On the 1st, according to the Korea Exchange (KRX) information data system, among Korea's ETFs from Dec. 30 of last year to Jun. 30 of this year, Mirae Asset Global Investments' "TIGER 200IT Leverage" ranked first with a return of 781.50%.
This product, which ranked second last year with an annual return of 304.49%, widened its gains significantly in the first half of this year to take the top spot.
In the first half of this year, the leveraged ETF market was the sole stage for the semiconductor sector. As a tandem rally by Korea's large-cap IT and semiconductor stocks, including Samsung Electronics and SK hynix, continued, related products swept the top ranks.
The second-highest return was "KODEX Semiconductor Leverage," which surged 505.22% in the first half of this year. "TIGER Semiconductor TOP10 Leverage" also delivered a high return of 370.07%. Following were major index-type leveraged products such as "HANARO 200 Futures Leverage" (332.58%), "PLUS 200 Futures Leverage" (331.35%) and "TIGER Leverage" (330.68%), all posting strong results around 300%.
Even in the plain ETF market without applying a multiple (2x), semiconductor strength was clear. "HANARO Fn K-Semiconductor" rose 291.12% in the first half of this year to rank first among plain products.
In particular, HBM-related products at the center of the AI semiconductor boom stood out. "PLUS Global HBM Semiconductor" rose 243.18% to take second place.

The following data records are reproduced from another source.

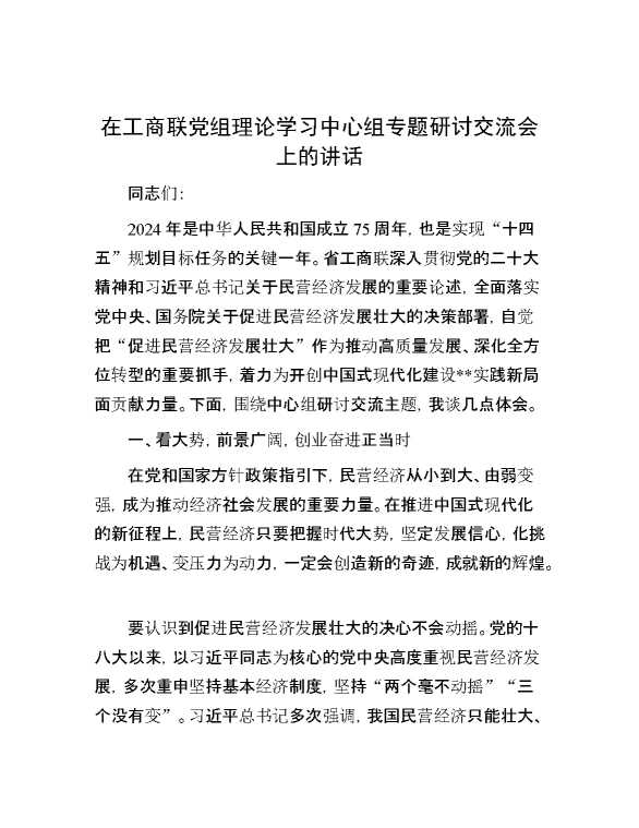 在工商联党组理论学习中心组专题研讨交流会上的讲话 2024-06-26 Word模板 88 购买前,请一定要先点击这里看看,欢迎持续关注,精彩模板每天推送 预览结束,本文件为word文档,一共7页,共3448字,请购买后,下载后查看 购买前,请一定要先点击这里看看,欢迎持续关注,精彩模板每天推送 资源下载下载价格29 RMBVIP免费升级VIP点击检测网盘有效后购买有任何充值和下载问题请加微信:xuexixuexi66 0 演讲发言
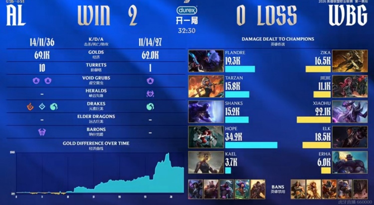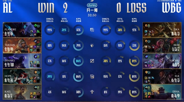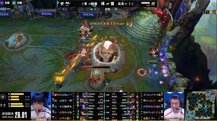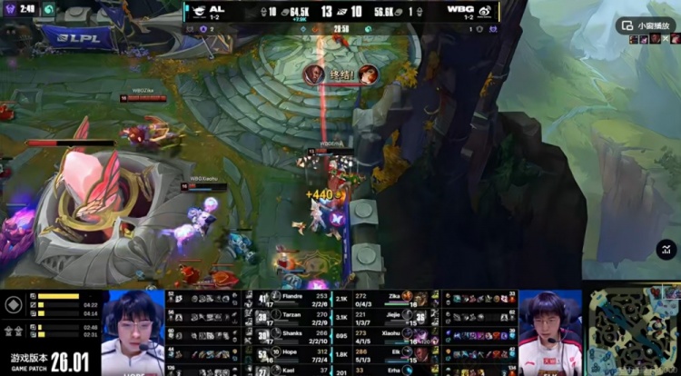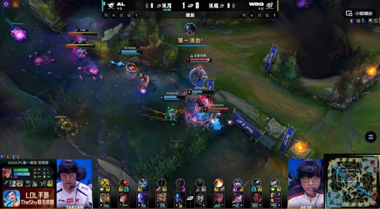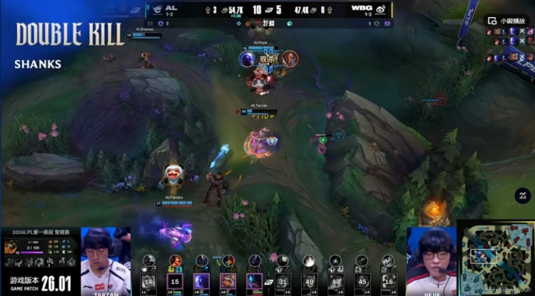 直播吧1月20日讯 2026年LPL第一赛段今天继续,今天的首场比赛是两支1-2队伍的较量!AL对阵WBG!
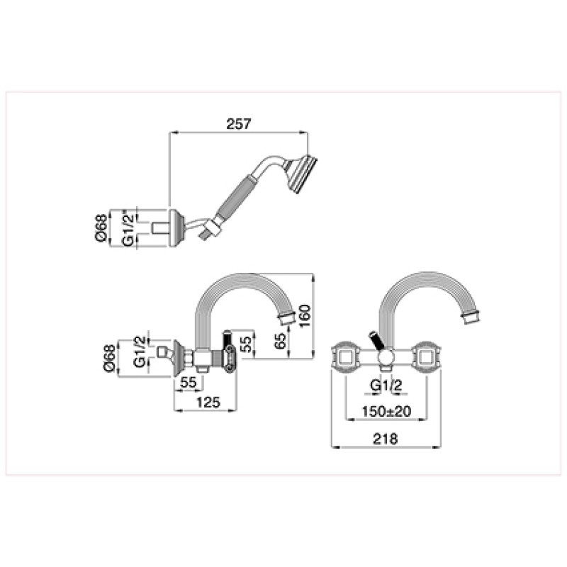 Bugnatese Olympia vonios maišytuvas 8402, su rankiniu dušeliu.

Also, products investing in detailed value chains within the semiconductor ecosystem, such as "KODEX AI Semiconductor TOP2 Plus" (225.54%), "IBK K-AI Semiconductor Core Tech" (223.09%), "WON Semiconductor Value Chain Active" (212.76%) and "UNICORN SK hynix Value Chain Active" (209.86%), were positioned in the top ranks.

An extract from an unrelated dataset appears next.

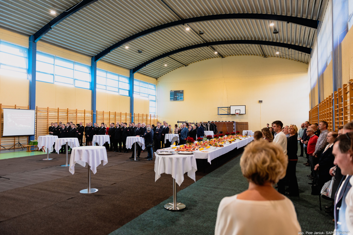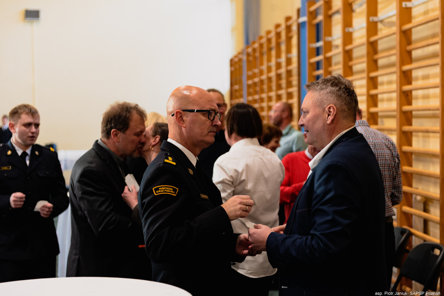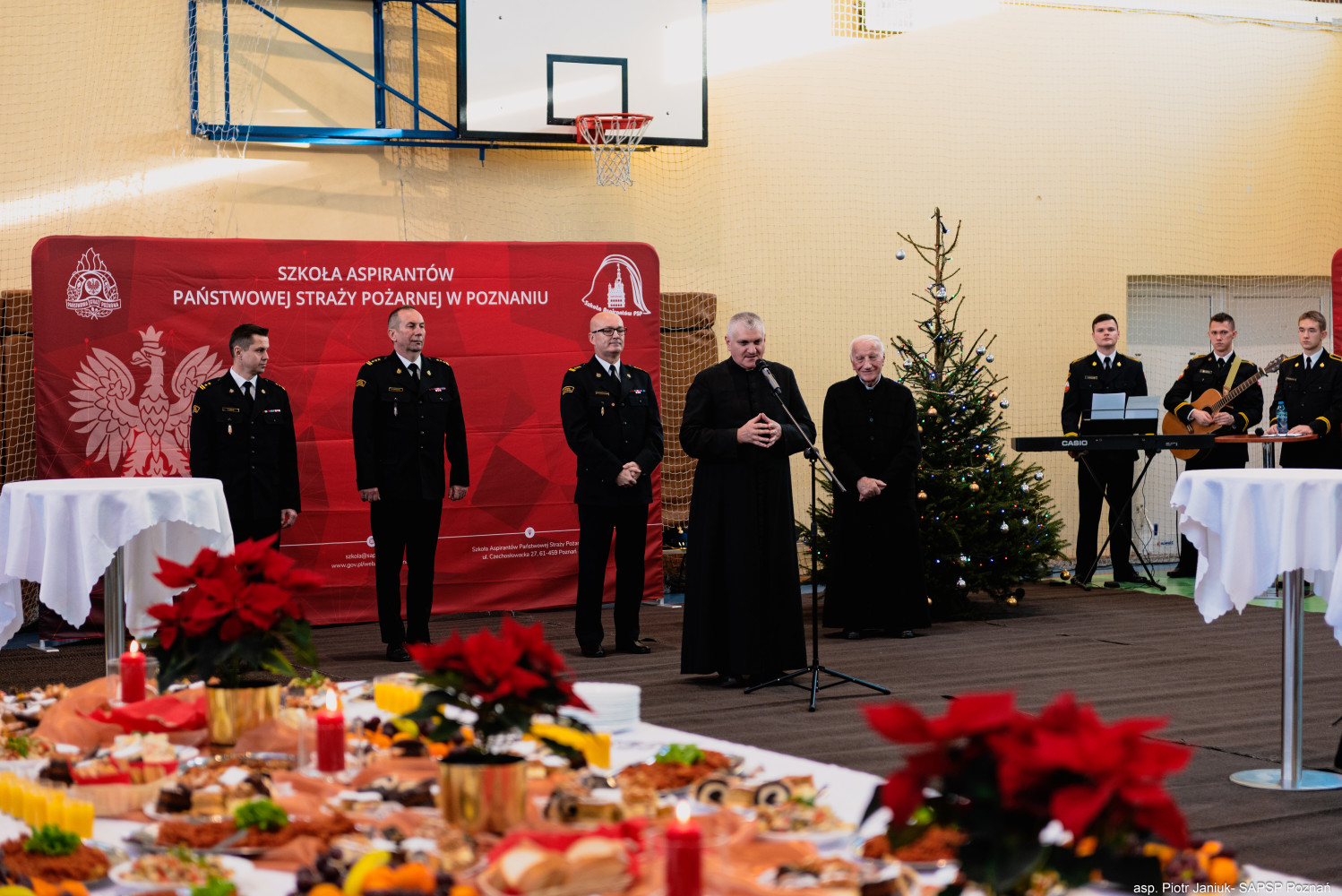 Spotkanie opłatkowe to wydarzenie, które ma miejsce przed Świętami Bożego Narodzenia i zarówno jak te święta, ma zachęcić ludzi do spędzania czasu z rodziną, bliskimi i przyjaciółmi, do składania życzeń i dzielenia się opłatkiem. Opłatek jest symbolem pojednania, dlatego należy przełamać się im, aby zjednoczyć się z obecnymi – jest to dawna tradycja katolicka towarzysząca Bożemu Narodzeniu. 18 grudnia 2024 roku odbyło się spotkanie opłatkowe funkcjonariuszy, pracowników cywilnych oraz zaproszonych gości w Szkole Aspirantów Państwowej Straży Pożarnej w Poznaniu. Komendant Szkoły Aspirantów Państwowej Straży Pożarnej w Poznaniu st. bryg. mgr inż. Andrzej Zajączkowski w imieniu własnym oraz zastępców przekazał wszystkim zebranym oraz ich rodzinom życzenia bożonarodzeniowe i noworoczne. W swoim wystąpieniu podziękował także za zaangażowanie w pracę w ciągu całego, mijającego już roku. Boże błogosławieństwo przekazali obecni na spotkaniu kapłani zaprzyjaźnieni ze Szkołą; ksiądz prałat Stanisław Wojtaszek – kapelan Szkoły oraz ksiądz Marek Matyba, proboszcz parafii pw. Świętej Trójcy na Poznańskim Dębcu. Podczas spotkania odbyło się symboliczne przełamanie opłatkiem.

In the asset management industry, the view was that the first-half ETF market saw liquidity concentrate in the semiconductor sector as the AI industry came to the fore. Analysis said return gaps appeared depending on whether investors chose leveraged or value-chain-concentrated products within the semiconductor sector.
An official at a domestic asset management firm said, "If last year's ETF market saw both semiconductors/IT and indexes draw attention, the first half of this year shows a focus on semiconductors/IT as the sole top."

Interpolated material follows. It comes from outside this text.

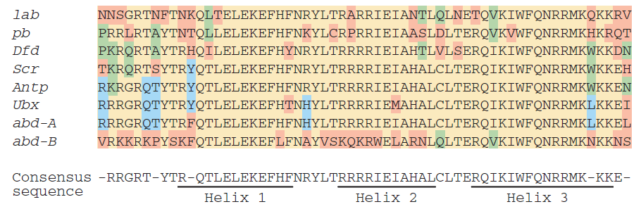 Les séquences d’acides aminés des homéodomaines des différents gènes Hox (lab, pb, Dfd, Scr, Antp, Ubx, abd-A, abd-B) sont alignées afin de comparer leur similarité. Les acides aminés conservés sont indiqués par du jaune, montrant le haut degré de conservation entre les différentes protéines. Les acides aminés en vert et bleu sont partagés par plusieurs homéodomaines tandis que les acides aminés en orange sont spécifiques à un homéodomaine. En dessous, la séquence consensus est indiquée, représentant les acides aminés les plus fréquents à chaque position. Les trois hélices α caractéristiques de l’homéodomaine sont soulignées : elles constituent la structure tridimensionnelle responsable de la liaison à l’ADN. Source : https://www.academia.edu/22160235/From_DNA_to_Diversity_Molecular_Genetics_and_the_Evolution_of_Animal_Design_by_S_B_Carroll_J_K_Grenier_and_S_D_Weatherbee

Experts projected that in the second half, earnings improvement will still center on corporations in the AI value chain.
Lim Eun-hye, a Samsung Securities analyst, said, "Based on economic strength and better earnings, confidence in 'AI exceptionalism' in the ETF market will strengthen further in the second half," adding, "Investment in the 'AI value chain,' which connects semiconductors, software and infrastructure, still needs to be maintained firmly."
Lim added, "As a diversified international order and hegemonic competition intensify, investment and interest will focus on energy security and the defense industry in the second half," noting, "From a policy momentum perspective, we should pay attention to key export corporations and seek investment opportunities using active ETFs that aim for excess return over the market."